> TASK ITEM: Below are some records. Return exactly the lines from the one with "Puiston pohjoisosan rakennustyöt" to the one with "冬款韓國學院風厚實字母圓領套頭加絨加厚百搭中長款衛衣女", and nothing else.

-----

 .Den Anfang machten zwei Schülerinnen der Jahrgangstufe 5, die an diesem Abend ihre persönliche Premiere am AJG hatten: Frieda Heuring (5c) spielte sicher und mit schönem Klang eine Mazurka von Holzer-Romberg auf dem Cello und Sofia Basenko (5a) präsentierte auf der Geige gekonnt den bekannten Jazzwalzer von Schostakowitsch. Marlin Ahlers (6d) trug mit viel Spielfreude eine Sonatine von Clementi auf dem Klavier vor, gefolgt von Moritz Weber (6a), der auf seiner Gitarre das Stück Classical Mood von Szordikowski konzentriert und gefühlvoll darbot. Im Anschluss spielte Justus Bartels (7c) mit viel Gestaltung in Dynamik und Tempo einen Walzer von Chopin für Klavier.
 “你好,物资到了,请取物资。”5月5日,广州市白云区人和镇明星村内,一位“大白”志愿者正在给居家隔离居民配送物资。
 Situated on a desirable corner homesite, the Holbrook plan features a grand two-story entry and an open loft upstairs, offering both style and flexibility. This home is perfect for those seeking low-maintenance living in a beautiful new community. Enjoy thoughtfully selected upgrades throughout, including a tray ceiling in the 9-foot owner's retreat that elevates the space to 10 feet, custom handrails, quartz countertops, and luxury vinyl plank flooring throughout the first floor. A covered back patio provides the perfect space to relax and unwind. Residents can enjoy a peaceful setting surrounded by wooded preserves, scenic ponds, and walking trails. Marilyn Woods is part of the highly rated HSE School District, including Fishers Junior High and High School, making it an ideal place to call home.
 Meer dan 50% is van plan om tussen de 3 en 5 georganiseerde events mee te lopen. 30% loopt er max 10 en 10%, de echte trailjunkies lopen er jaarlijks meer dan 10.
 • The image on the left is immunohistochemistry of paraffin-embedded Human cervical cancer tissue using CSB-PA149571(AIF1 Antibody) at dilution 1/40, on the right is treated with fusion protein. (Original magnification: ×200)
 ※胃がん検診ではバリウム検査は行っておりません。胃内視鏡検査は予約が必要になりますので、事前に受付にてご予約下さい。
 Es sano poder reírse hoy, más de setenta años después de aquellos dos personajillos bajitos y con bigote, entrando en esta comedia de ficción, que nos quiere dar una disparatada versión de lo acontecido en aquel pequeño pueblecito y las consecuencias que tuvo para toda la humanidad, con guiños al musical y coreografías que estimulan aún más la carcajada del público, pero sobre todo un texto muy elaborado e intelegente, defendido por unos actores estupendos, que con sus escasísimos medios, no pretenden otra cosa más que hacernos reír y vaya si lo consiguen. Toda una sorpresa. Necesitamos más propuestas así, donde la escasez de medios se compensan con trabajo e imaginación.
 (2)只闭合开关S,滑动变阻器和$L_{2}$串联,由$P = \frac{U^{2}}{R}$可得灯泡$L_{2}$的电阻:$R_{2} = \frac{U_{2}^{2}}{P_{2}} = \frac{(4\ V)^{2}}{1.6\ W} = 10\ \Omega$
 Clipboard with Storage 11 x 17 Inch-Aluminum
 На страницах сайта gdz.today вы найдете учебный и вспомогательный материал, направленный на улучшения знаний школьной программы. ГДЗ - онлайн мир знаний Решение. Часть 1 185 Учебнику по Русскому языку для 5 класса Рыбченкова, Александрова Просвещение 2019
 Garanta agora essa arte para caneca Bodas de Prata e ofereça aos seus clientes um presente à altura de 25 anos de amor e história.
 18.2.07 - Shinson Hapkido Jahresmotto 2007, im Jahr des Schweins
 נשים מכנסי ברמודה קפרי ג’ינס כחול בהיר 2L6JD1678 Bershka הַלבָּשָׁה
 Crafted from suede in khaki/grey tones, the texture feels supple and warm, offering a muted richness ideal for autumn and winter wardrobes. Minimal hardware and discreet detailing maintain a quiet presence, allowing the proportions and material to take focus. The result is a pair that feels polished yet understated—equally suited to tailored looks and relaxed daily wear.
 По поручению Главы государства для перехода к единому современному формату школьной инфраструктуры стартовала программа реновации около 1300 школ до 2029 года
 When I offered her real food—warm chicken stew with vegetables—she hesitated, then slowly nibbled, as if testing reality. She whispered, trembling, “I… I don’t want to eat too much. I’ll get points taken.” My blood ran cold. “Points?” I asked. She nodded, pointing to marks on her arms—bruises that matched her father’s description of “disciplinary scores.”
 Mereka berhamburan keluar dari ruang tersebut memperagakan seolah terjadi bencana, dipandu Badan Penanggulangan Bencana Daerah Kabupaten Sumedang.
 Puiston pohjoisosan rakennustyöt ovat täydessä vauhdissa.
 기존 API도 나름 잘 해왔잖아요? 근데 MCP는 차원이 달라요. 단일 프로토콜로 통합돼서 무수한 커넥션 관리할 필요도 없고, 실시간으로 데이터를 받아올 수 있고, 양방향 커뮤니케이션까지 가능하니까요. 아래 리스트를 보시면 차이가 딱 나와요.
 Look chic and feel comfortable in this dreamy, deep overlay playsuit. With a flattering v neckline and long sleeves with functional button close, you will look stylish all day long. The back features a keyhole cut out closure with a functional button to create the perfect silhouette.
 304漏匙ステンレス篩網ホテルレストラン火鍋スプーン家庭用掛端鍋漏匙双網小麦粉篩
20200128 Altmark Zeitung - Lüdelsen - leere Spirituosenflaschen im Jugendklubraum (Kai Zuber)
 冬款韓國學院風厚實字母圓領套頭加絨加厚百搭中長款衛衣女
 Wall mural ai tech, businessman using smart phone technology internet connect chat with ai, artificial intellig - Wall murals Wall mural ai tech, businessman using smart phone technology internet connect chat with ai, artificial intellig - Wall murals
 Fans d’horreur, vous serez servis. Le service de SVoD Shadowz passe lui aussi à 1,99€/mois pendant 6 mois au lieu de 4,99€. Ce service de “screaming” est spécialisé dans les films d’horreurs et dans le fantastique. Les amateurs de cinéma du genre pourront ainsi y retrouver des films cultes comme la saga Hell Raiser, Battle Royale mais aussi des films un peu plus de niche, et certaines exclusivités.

-----

> THE COMPLETED TASK:
 Puiston pohjoisosan rakennustyöt ovat täydessä vauhdissa.
 기존 API도 나름 잘 해왔잖아요? 근데 MCP는 차원이 달라요. 단일 프로토콜로 통합돼서 무수한 커넥션 관리할 필요도 없고, 실시간으로 데이터를 받아올 수 있고, 양방향 커뮤니케이션까지 가능하니까요. 아래 리스트를 보시면 차이가 딱 나와요.
 Look chic and feel comfortable in this dreamy, deep overlay playsuit. With a flattering v neckline and long sleeves with functional button close, you will look stylish all day long. The back features a keyhole cut out closure with a functional button to create the perfect silhouette.
 304漏匙ステンレス篩網ホテルレストラン火鍋スプーン家庭用掛端鍋漏匙双網小麦粉篩
20200128 Altmark Zeitung - Lüdelsen - leere Spirituosenflaschen im Jugendklubraum (Kai Zuber)
 冬款韓國學院風厚實字母圓領套頭加絨加厚百搭中長款衛衣女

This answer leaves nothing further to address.